[SOLVED] Neuralnet RMSE is 10x bigger than linear model's RMSE on test data set

Neuralnet RMSE is 10x bigger than linear model's RMSE on test data set

Working with the Boston Housing data set. The linear model is very easy:

library(e1071) # for tune.nnet
library(MASS) # for the Boston housing data set
library(Metrics) # to calculate RMSE
library(nnet)

df <- MASS::Boston
train <- df[1:100, ]
test <- df[101:505, ]
Boston_lm <- lm(medv ~ ., data = train)
lm_rmse <- Metrics::rmse(actual = train$medv, predicted = Boston_lm$fitted.values)
#RMSE = 2.037201

However, the tuned neuralnet returns an RMSE on the test set that is more than 10x higher than the linear model's results:

Boston_tune_nnet <- e1071::tune.nnet(x = train[, 1:ncol(train)-1], y = train$medv, size = 1)
nnet_tune_rmse <- Metrics::rmse(actual = train$medv, predicted = Boston_tune_nnet$best.model$fitted.values)
#RMSE = 22.11024

What's the correct way to build a tuned neuralnet model in this situation?

Solution

You are performing a linear regression, yet in the nnet, you are doing logistic regression(by default) with 1 added layer.

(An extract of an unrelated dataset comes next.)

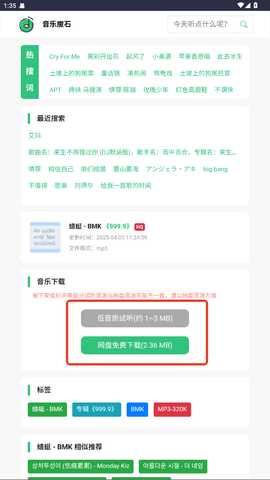 播放与下载:支持在线免费播放音乐,也可选择下载到本地,实现离线收听,让用户随时随地畅享音乐。

Using the linout = TRUE ie linear regression and also ensuring that we skip any intermediary layers ie No hidden layers, we should get the same results:

library(nnet)
Boston_tune_nnet <- e1071::tune.nnet(x = train[, -ncol(train)],
                                     y = train$medv, size = 0, linout = TRUE,
                                    skip = TRUE)
(nnet_tune_rmse <- Metrics::rmse(actual = train$medv,
        predicted = Boston_tune_nnet$best.model$fitted.values))
#[1] 2.037201

This is what you are looking for

Also note that train[, 1:ncol(train) - 1] is incorrect. You should do train[, 1:(ncol(train) - 1)]